*Task description*
An exact reproduction is needed of every line from the beginning of the data down to and including the line that contains "Способ сборки с", minus the pictures.
Supplied information Block Start
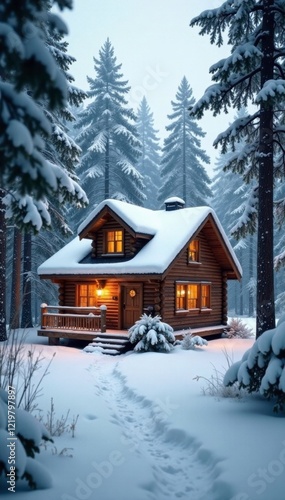 Naklejka premium Cozy snow covered wooden cabin nestled in pine trees, forest atmosphere, warm...
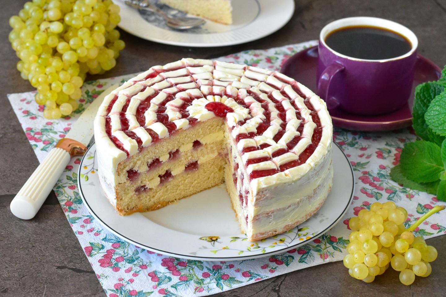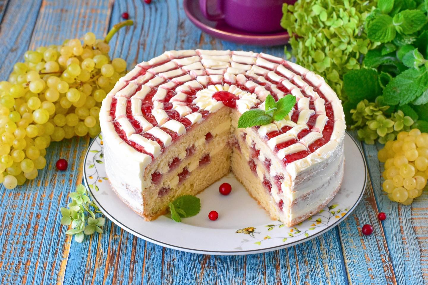 Способ сборки с чередованием крема и варенья не только красив, но и функционален: он предотвращает просачивание жидкой начинки через коржи.
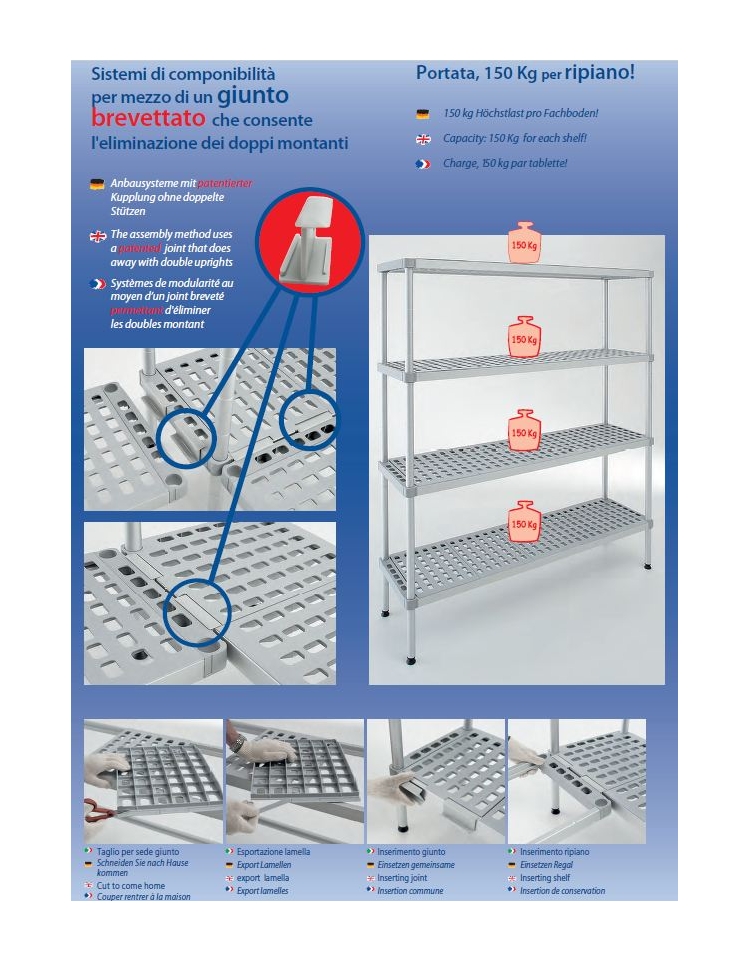 Struttura in acciaio inox AISI 304 con ripiani in polipropilene. Lo scaffale è un prodotto facile da assemblare senza alcuna vite né saldatura, veloce nella pulizia, stabile, con portata di 150 kg. ogni ripiano uniformemente distribuiti. È possibile fissare i ripiani ogni 10 cm e quindi scegliere il numero di ripiani che compongono ogni scaffale. Grazie all’aggancio di unione brevettato (cod. ARA), lo scaffale è estremamente versatile nella composizione di strutture modulari composte da più elementi. Per composizioni lineari, oppure ad L o ad U, si usano due agganci per ogni ripiano da unire e così si risparmiano due montanti ogni unione, ottenendo un minor costo, maggior spazio disponibile pur mantenendo inalterata la capacità di carico. Le dimensioni disponibili sono: altezza 1600, 1800, 2000 mm con o senza ruote; profondità 300, 400, 500, 600 mm; lunghezze da L. 600 a 2000 mm.
Supplied information Block End
*Response*
 Naklejka premium Cozy snow covered wooden cabin nestled in pine trees, forest atmosphere, warm...
 Способ сборки с чередованием крема и варенья не только красив, но и функционален: он предотвращает просачивание жидкой начинки через коржи.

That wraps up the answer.